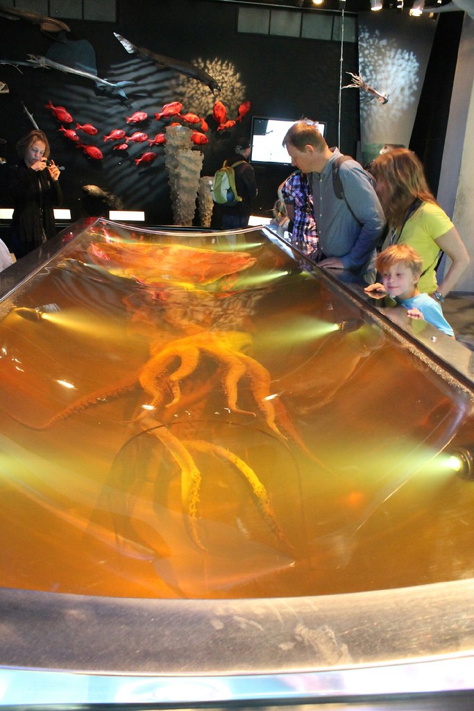 Dazu gehören unter anderem eine begehbare Landkarte, Hintergründe zu Vulkanen und Beben und die hiesige Flora und Fauna. Ein ausgefallenes Exponat: Ein Riesentintenfisch, in Formaldehyd konserviert, unter einer dicken Plexiglasschicht zu bestaunen. Der Oktopus wollte nicht von einem Fisch lassen, der von einem Boot gefangen worden war, blieb freiwillig knapp unter der Wasseroberfläche und ist deshalb schnell gestorben. Für uns Museumsbesucher ein Gewinn: Man kann den Schnabel (ja: Tintenfische haben einen Schnabel. Das wussten drei von vier Mitglieder der Reisegruppe vorher aus nicht) bestaunen und angesichts der fußballgroßen Augen (!!) kurz die Luft anhalten.
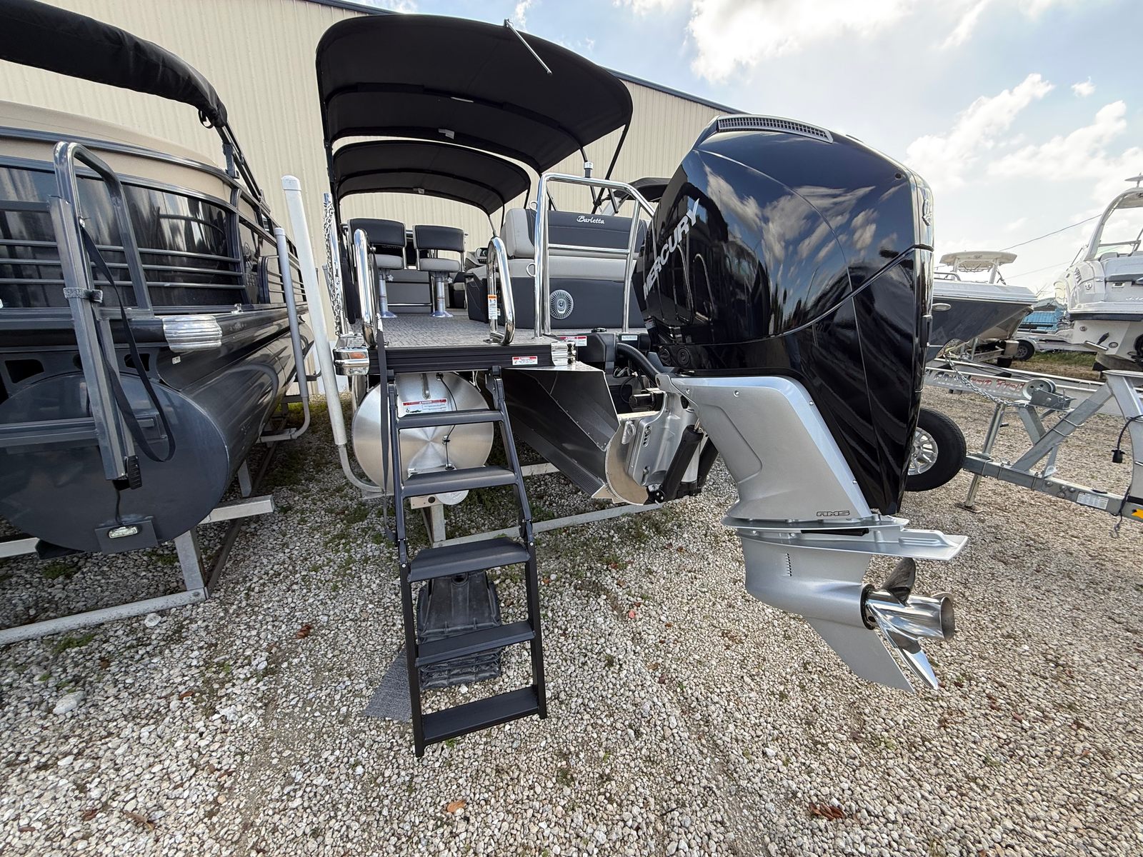 Powering the Barletta Cabrio C24UE is a robust Mercury (D) 200L FourStroke DTS engine, delivering an impressive 250 horsepower. This setup provides smooth, reliable performance whether you’re cruising, towing water toys, or exploring new coves. The Mercury Digital DTS Pre-Rig for VERADO engines with Vessel Link ensures seamless integration and precise control, while the hydraulic and power assist steering make handling effortless, even in tight quarters. The triple toon package with midship storage enhances stability and ride quality, allowing you to glide across the water with confidence and comfort.
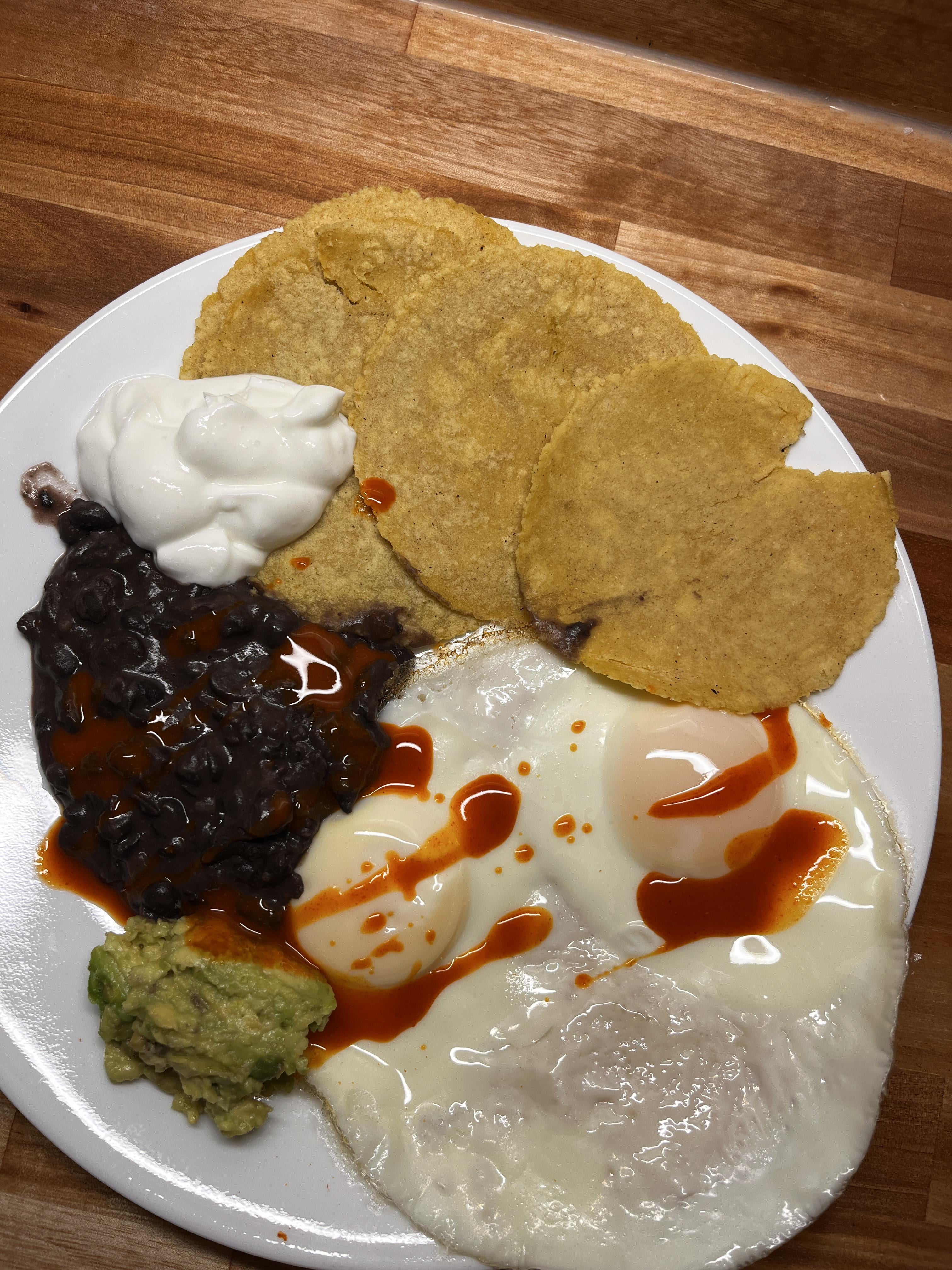 Homemade corn tortillas, homemade vegetarian refried black beans
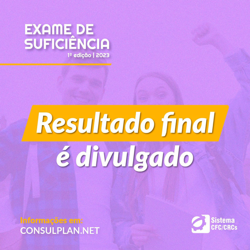 O Conselho Federal de Contabilidade (CFC) comunica que já está disponível para consulta o resultado final da primeira edição de 2023 do Exame de Suficiência realizado no dia 07/05, em todos os estados brasileiros e no Distrito Federal (DF), na modalidade presencial.
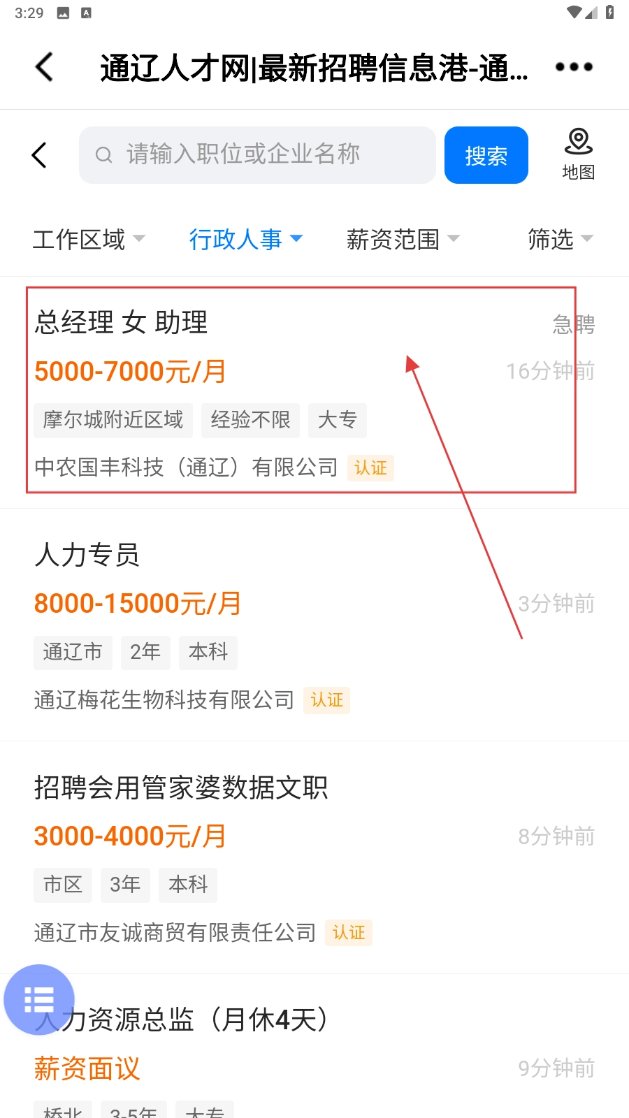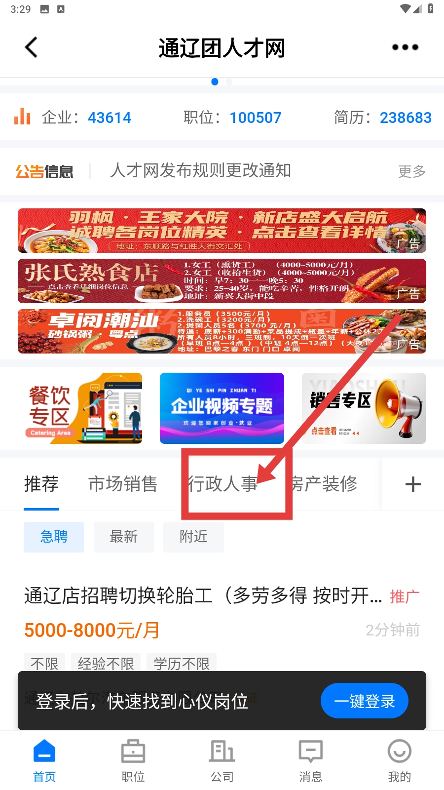 在人才网页面,点击【行政人事】分类标签,即可查看相关的招聘岗位信息。

▶ Problem details
Exact repetition is the task: every line from the start of the data to the line with "Homemade corn tortillas, homemade", inclusive, and none after it, pictures omitted.

▶ Solution for this task
 Dazu gehören unter anderem eine begehbare Landkarte, Hintergründe zu Vulkanen und Beben und die hiesige Flora und Fauna. Ein ausgefallenes Exponat: Ein Riesentintenfisch, in Formaldehyd konserviert, unter einer dicken Plexiglasschicht zu bestaunen. Der Oktopus wollte nicht von einem Fisch lassen, der von einem Boot gefangen worden war, blieb freiwillig knapp unter der Wasseroberfläche und ist deshalb schnell gestorben. Für uns Museumsbesucher ein Gewinn: Man kann den Schnabel (ja: Tintenfische haben einen Schnabel. Das wussten drei von vier Mitglieder der Reisegruppe vorher aus nicht) bestaunen und angesichts der fußballgroßen Augen (!!) kurz die Luft anhalten.
 Powering the Barletta Cabrio C24UE is a robust Mercury (D) 200L FourStroke DTS engine, delivering an impressive 250 horsepower. This setup provides smooth, reliable performance whether you’re cruising, towing water toys, or exploring new coves. The Mercury Digital DTS Pre-Rig for VERADO engines with Vessel Link ensures seamless integration and precise control, while the hydraulic and power assist steering make handling effortless, even in tight quarters. The triple toon package with midship storage enhances stability and ride quality, allowing you to glide across the water with confidence and comfort.
 Homemade corn tortillas, homemade vegetarian refried black beans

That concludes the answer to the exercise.